Пустыней для них окажется и «благословенный горный край» (60) – «пустынно и глухо» встречает их чужая, таинственно и враждебно затаившаяся «красивая земля» (61).
Окружающий мир может быть невыразителен и грязен, как Подмосковье, может быть поэтически прекрасен, как Кавказ в то природно безмятежное утро, когда, очнувшись после забытья, Колька отправляется искать брата. «…Было голубо и мирно», солнечно и отрадно, и «не верилось, не представлялось, что в такое утро может происходить хоть какое-нибудь зло» (198). На фоне этой красоты Колька и увидел распятого брата…
Красивый ли, неприглядный, мир оставался для него пустыней. «Никого рядом не было» (202) в это самое страшное утро Колькиной жизни. Никого не было и когда он сквозь ночь вез мертвого брата, и «если бы Колька мог сознавать реальней и его бы спросили, как ему удобней ехать с братом, он бы именно так и попросил, чтобы никого не было на их пути, никто не мешал добраться до станции» (204).

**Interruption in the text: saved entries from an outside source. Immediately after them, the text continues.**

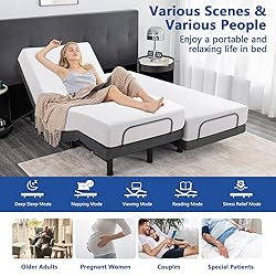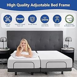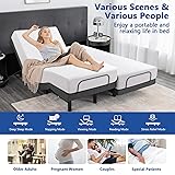 【HIGH-QUALITY ADJUSTABLE BED FRAME】: Adjustable bed base is easy to assemble, with sturdy metal, Adjustable leg height,wireless remote, head/Foot Lift, and 0 Gravity/Anti-Snore Preset. Upgrade your sleep experience and enjoy a luxurious and convenient bed at home. Perfect family gift! 【SEPARATE HEAD/FOOT LIFT】:Head( 0° - 65 °) and Foot(0° - 45°) lift individually to adjust your sleeping position to the ideal angle. Switch 0 gravity/Anti-Snore Preset, you can benefit from clearer airways, decreased congestion, lessened snoring, and better spinal alignment to ease back pain. 【STURDY STEEL/EASY TO INSTALL】:High-strength steel for maximum stability for up to 750 pounds. Wireless remote to control without getting out of bed! It has a detailed instruction manual and is easy to install and use. Enjoy a more comfortable, restful sleep. 【PREMIER MEMORY FOAM MATTRESS】:Adjustable bed frame with mattress in a box, medium firm, strong support, removable cover, fiberglass-free cooling gel/tea foam. Experience the luxury of high-quality CertiPUR-certified foams. Buy a set of mattress+bed frame to enjoy them directly when you go home. 【WARRANTY&BED IN A BOX】: Lifetime warranty! Please don't hesitate to contact us if you have any problems. A compressed mattress in a box that can be easily transported and moved to the bedroom. Unpack and unfold, stretch the mattress, and expand to its original shape within 24- 48 hours.
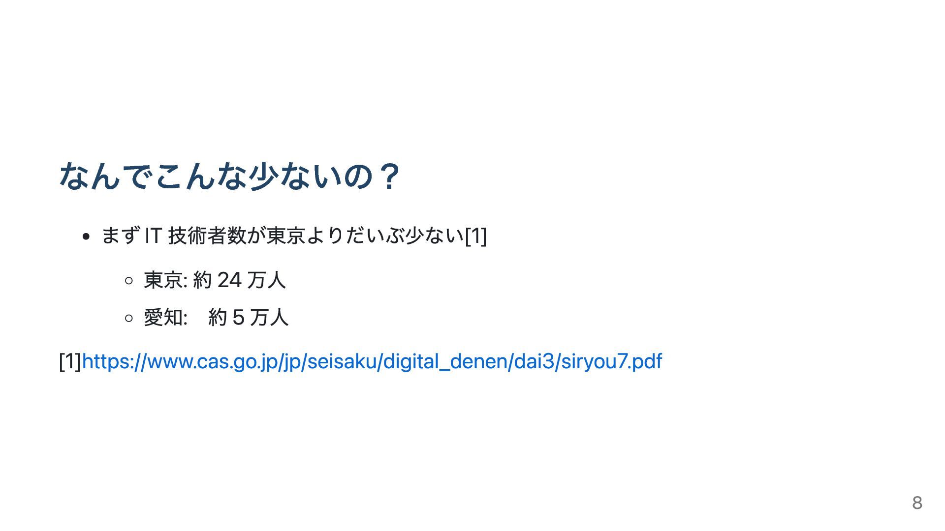 なんでこんな少ないの? まず IT 技術者数が東京よりだいぶ少ない[1] 東京: 約 24 万人 愛知: 約 5
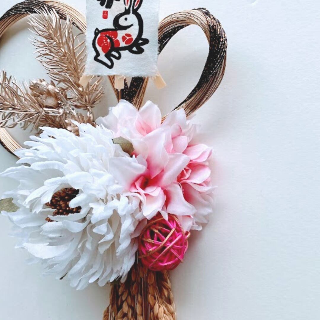 華やかな迎春の雰囲気にピッタリな清々しい白とピンクのお花をあしらいました。
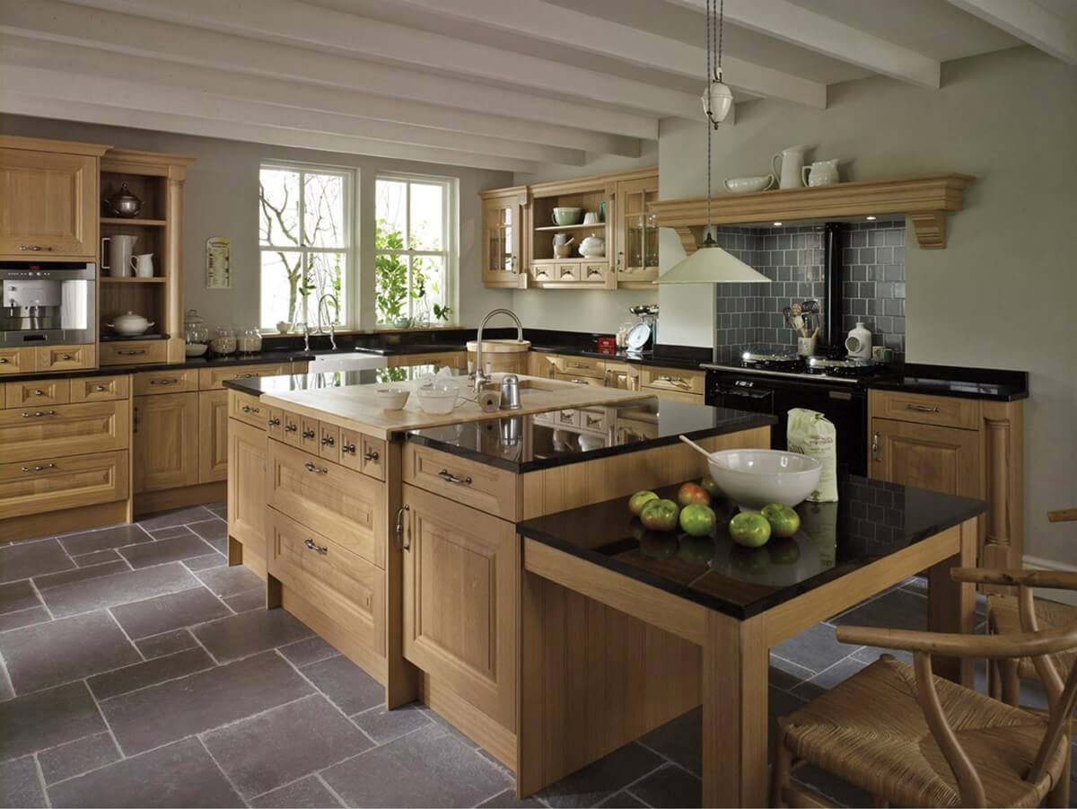 Полы. В качестве напольного покрытия также рекомендуется использовать дерево, причем лучше всего подойдет массив (ни в коем случае не паркет). Пожаробезопасной альтернативой древесному массиву станут керамическая плитка или керамогранит. Искусственные материалы – например, ламинат или линолеум – тоже допустимы, но нежелательны. Да, такие покрытия могут имитировать довольно широкий спектр натуральных материалов, в том числе недоступных при среднем достатке,но с ними вашу кухню точно нельзя будет считать эталоном стиля.
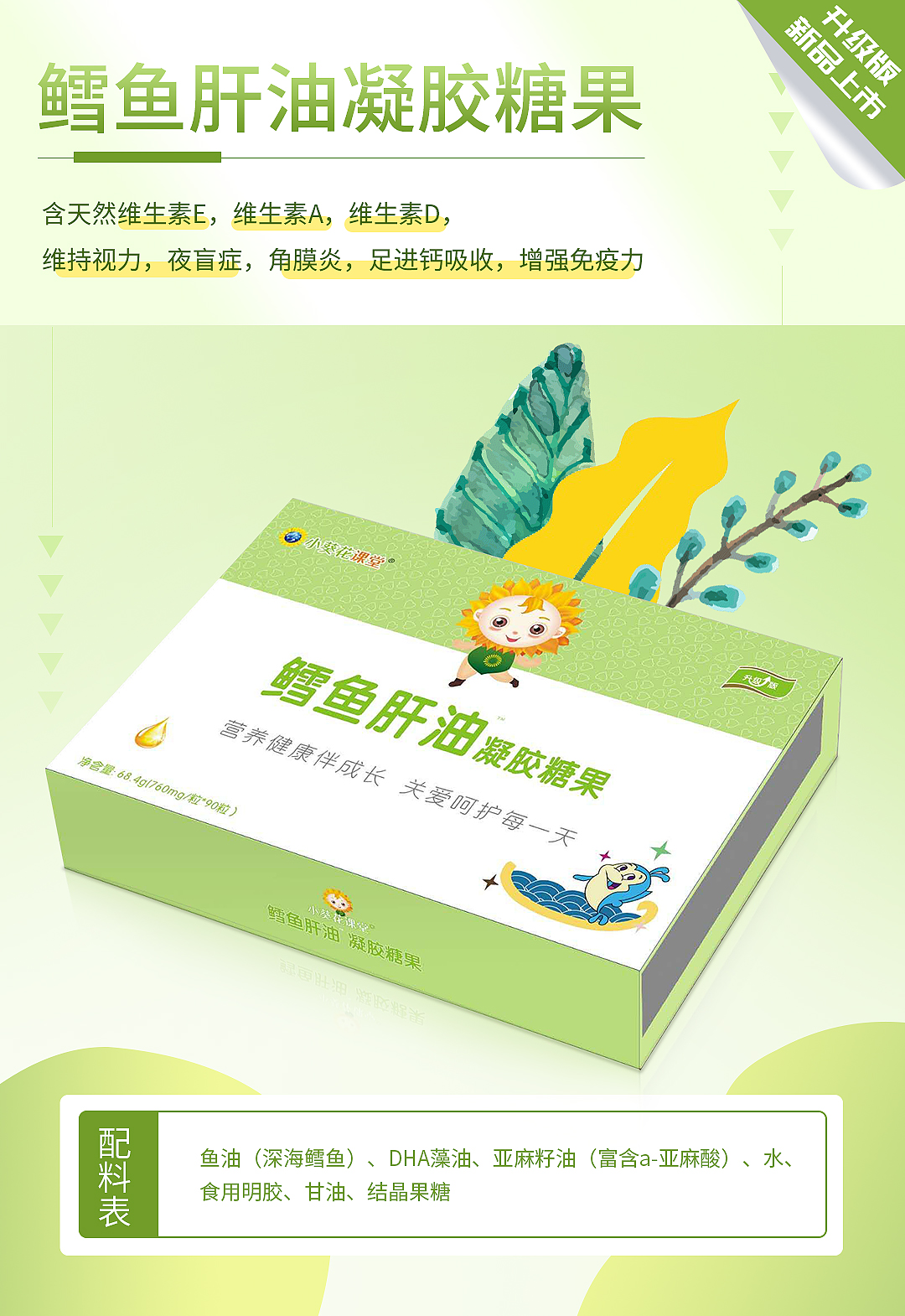 小葵花課堂升級版DHA藻油凝膠糖果 想要孩子擁有好智力、好視力,優質營養不能少,而“DHA”則是不可缺少的重要營養素!該品優選深海藻類為原料,未經食物鏈污染,品質純凈,更特別添加葵花籽油(甾醇、維生素、亞油酸等)、亞麻籽油(富含a-亞麻酸)、微晶纖維素、甘油等,以精湛工藝制作而成,DHA含量更高,每粒含DHA藻油180mg,無腥味,易消化吸收,助力好成長! 小葵花課堂升級版鱈魚肝油凝膠糖果
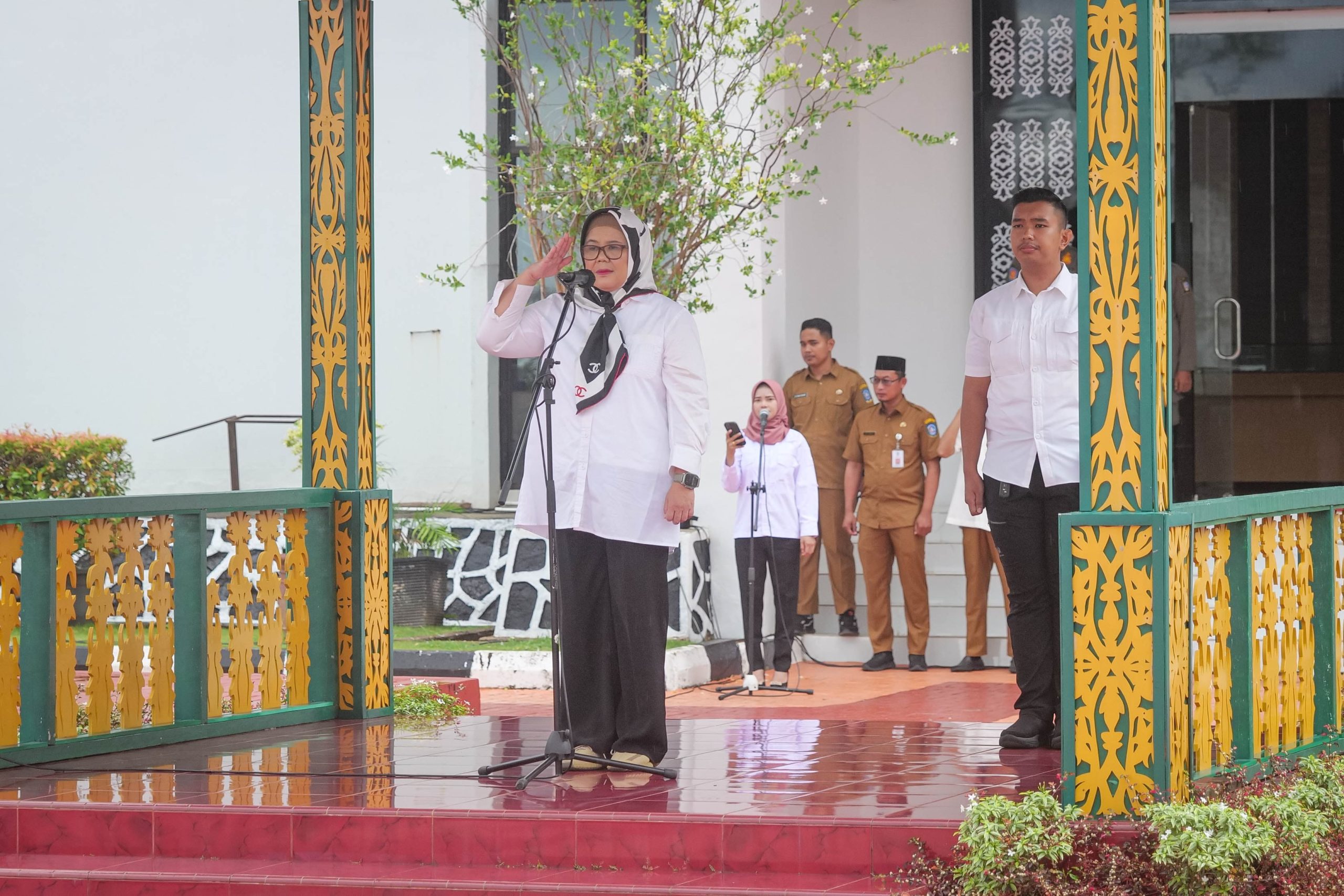Pelaksana Tugas (Plt) Gubernur Provinsi Kepulauan Riau (Kepri) Marlin Agustina, memimpin apel pagi di halaman kantor Gubernur Kepri, Dompak, Kota Tanjungpinang, Senin (30/9/2024).
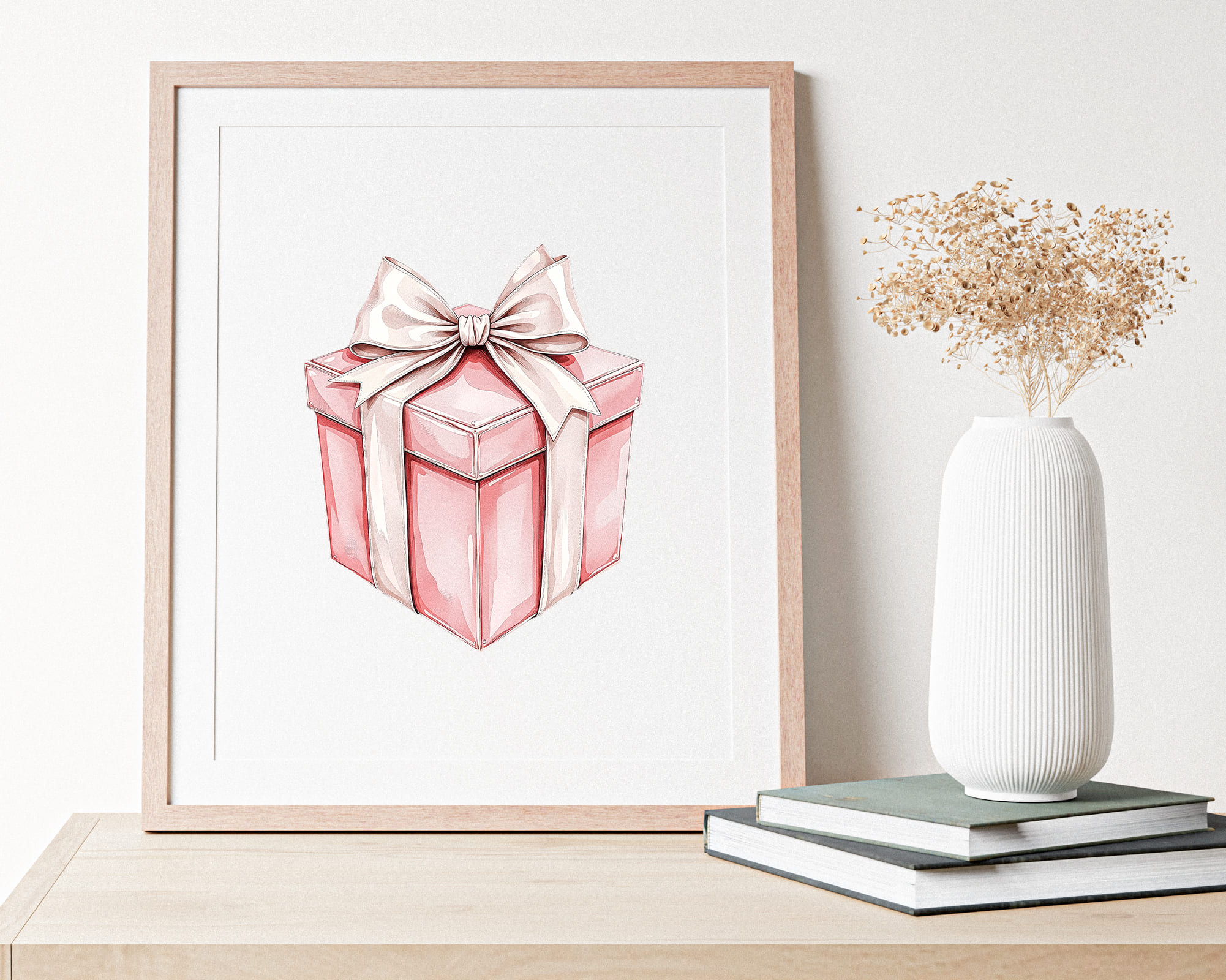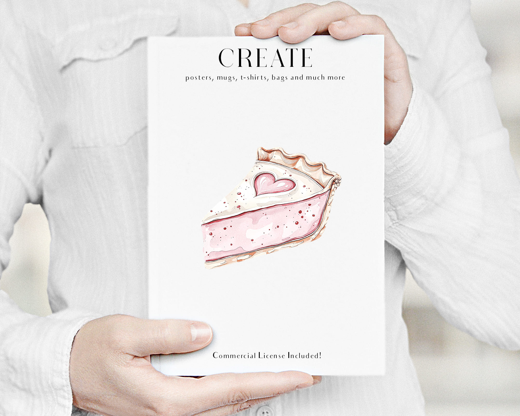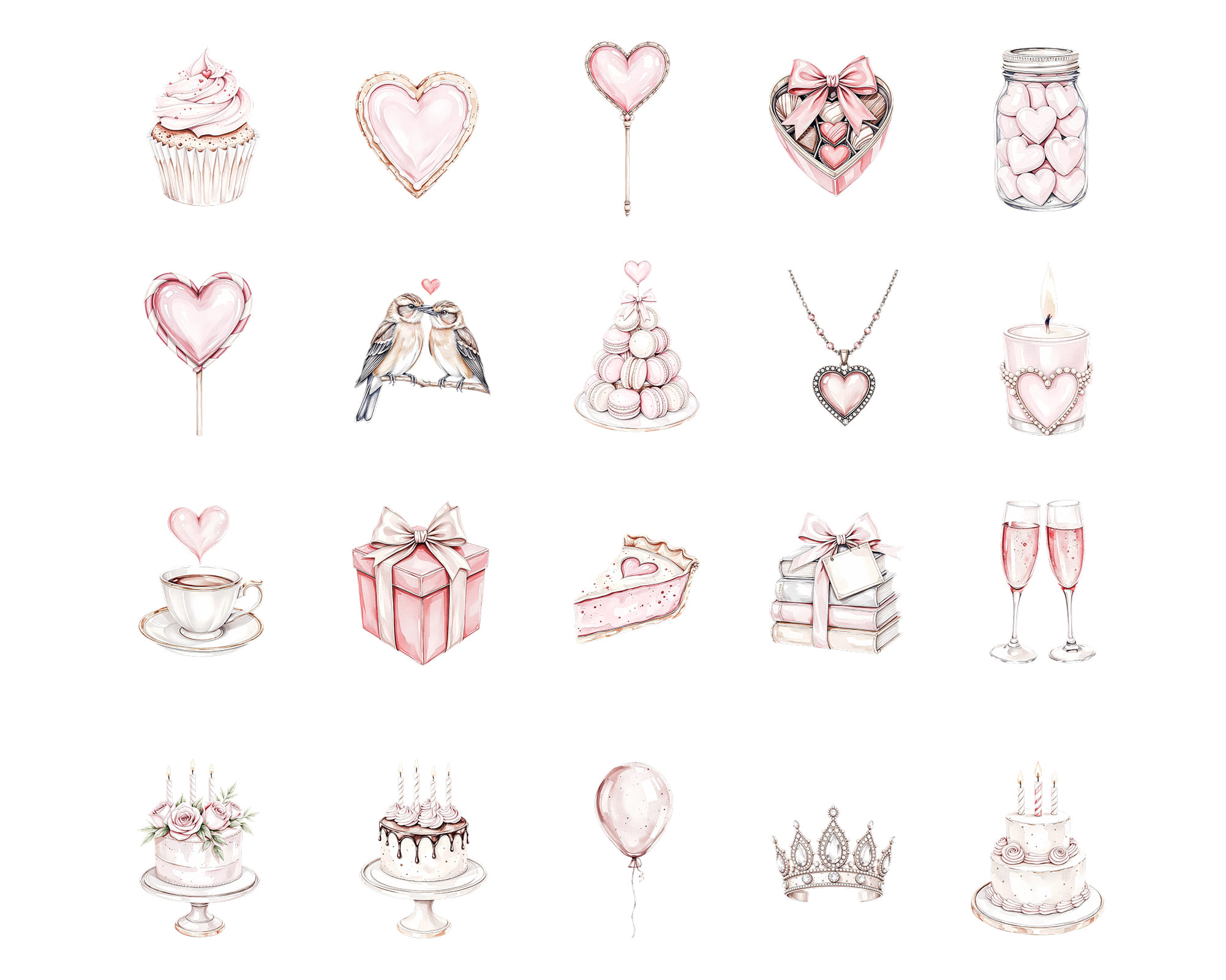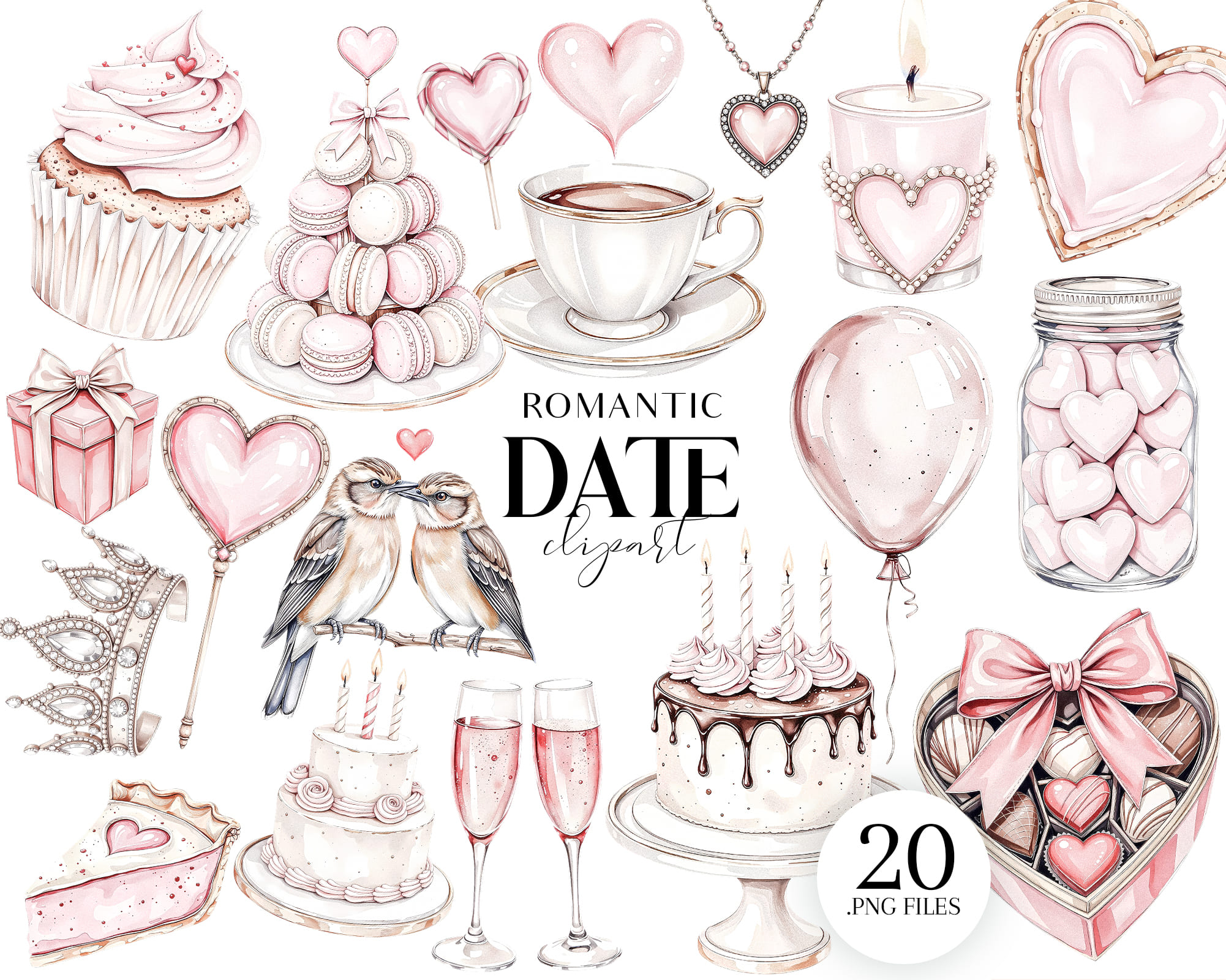 Romantic Date Clipart features 20 sweet PNG illustrations: cakes, cupcakes, heart-shaped gifts, love birds, necklaces, and candies. Transparent background, 300 DPI.

Но пустынность мира – не изначальное, естественное, а рукотворное, злоумышленное его состояние. Источник зла обозначен в повести опосредованно, косвенно, и это очень точный с психологической и художественной точки зрения ход, так как дети назвать его не могли, а прямое обличение от лица рассказчика перевело бы повествование из художественного в публицистический план. Но когда эти обреченные на гибель в пустыне своего одиночества дети вместе с блатными песнями столь же искренне, как само собой разумеющееся, распевают балладу о «соколе» Сталине, который «сделал счастливой всю страну родную» (140); когда Колька, замерзая в горах вместе с Алхузуром, орет изо всех сил песню «о Сталине мудром, родном и любимом» (229); когда юные обитатели детприемника, вслед за своей подозрительной для власть предержащих воспитательницей-немкой, благодарят «товарища Сталина за… счастливое детство» (243), – этого вполне достаточно, чтобы социальная картина мира сложилась во всей своей удручающей полноте.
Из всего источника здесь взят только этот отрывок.